[Records contained in a dataset]

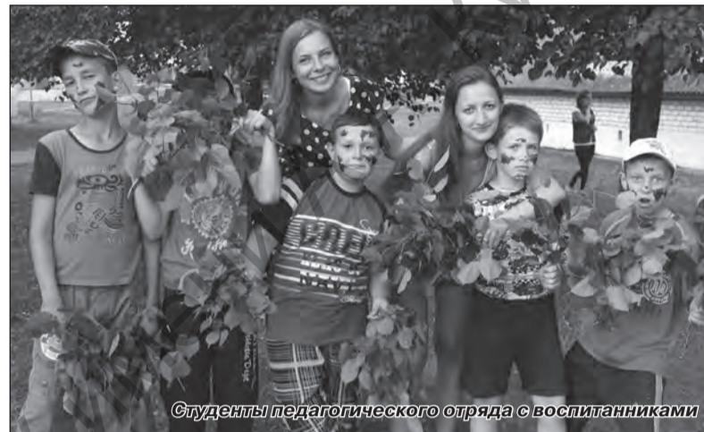
Студенты педагогического отряда с воспитанниками

Трудовой семестр нынешнего года ознаменован 70-летием Великой Победы. В этой связи было принято решение всем трудовым отрядам присвоить имена героев Великой Отечественной войны.
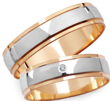
model 911, szerokość 5mm model 911K*, szerokość 5mm
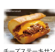
チーズステーキサンド 鏑猫食堂 (22日のみ)
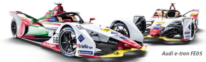
Audi e-tron FE05

Punktesystem 1. 25 Pkt. 2. 18 Pkt. 3. 15 Pkt. 4. 12 Pkt. 5. 10 Pkt. 6. 8 Pkt. 7. 6 Pkt. 8. 4 Pkt. 9. 2 Pkt. 10. 1 Pkt.
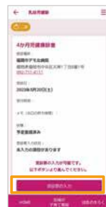
「受診票の入力」をタップ ※画面上、「受診票」の表記になっておりますが、問診票の入力画面にすみます。
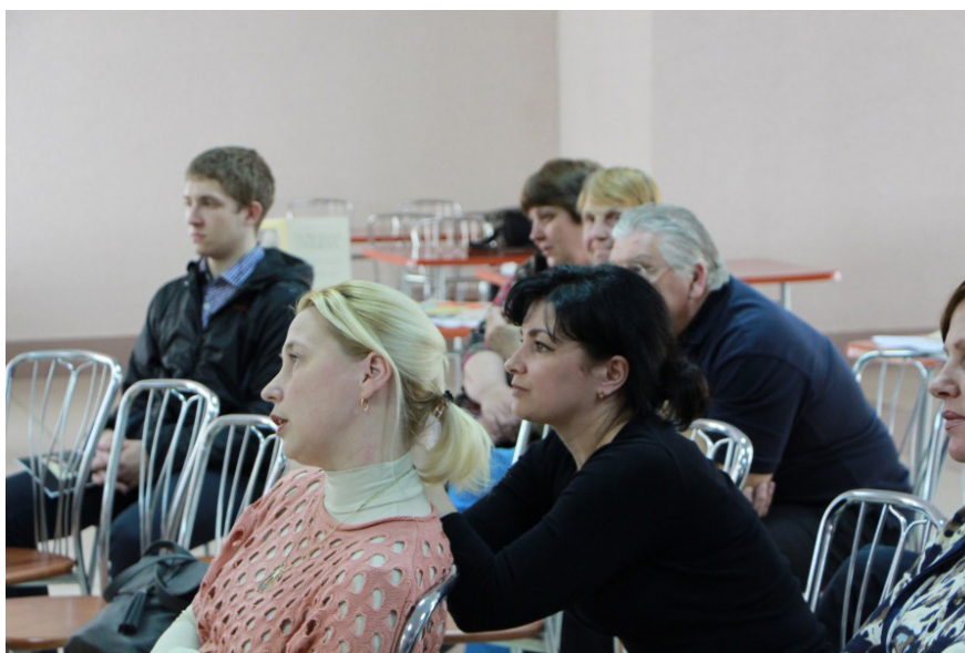
Участники интерактивного открытия выставки

«Студенческий строительный отряд... Нечасто встретишь это выражение, когда в сердцах у многих поколений былых свершений отблески горят!» 1 – эти поэтические строки открыли очередное мероприятие – выставку, которая была организована 21 мая 2013 г. работниками архива и музея УрГЮА (УрГЮУ), студентами-исследователями, занимавшимися в кружке Студенческого научного общества историей российского государства и права, а также началами музейного и архивного дела.

→ **Exercise requirements**
The answer must be the lines above from the line that contains "model 911, szerokość" to the final line of the data, word for word, with no pictures.

→ **Solution for this task**
model 911, szerokość 5mm model 911K*, szerokość 5mm
チーズステーキサンド 鏑猫食堂 (22日のみ)
Audi e-tron FE05

Punktesystem 1. 25 Pkt. 2. 18 Pkt. 3. 15 Pkt. 4. 12 Pkt. 5. 10 Pkt. 6. 8 Pkt. 7. 6 Pkt. 8. 4 Pkt. 9. 2 Pkt. 10. 1 Pkt.
「受診票の入力」をタップ ※画面上、「受診票」の表記になっておりますが、問診票の入力画面にすみます。
Участники интерактивного открытия выставки

«Студенческий строительный отряд... Нечасто встретишь это выражение, когда в сердцах у многих поколений былых свершений отблески горят!» 1 – эти поэтические строки открыли очередное мероприятие – выставку, которая была организована 21 мая 2013 г. работниками архива и музея УрГЮА (УрГЮУ), студентами-исследователями, занимавшимися в кружке Студенческого научного общества историей российского государства и права, а также началами музейного и архивного дела.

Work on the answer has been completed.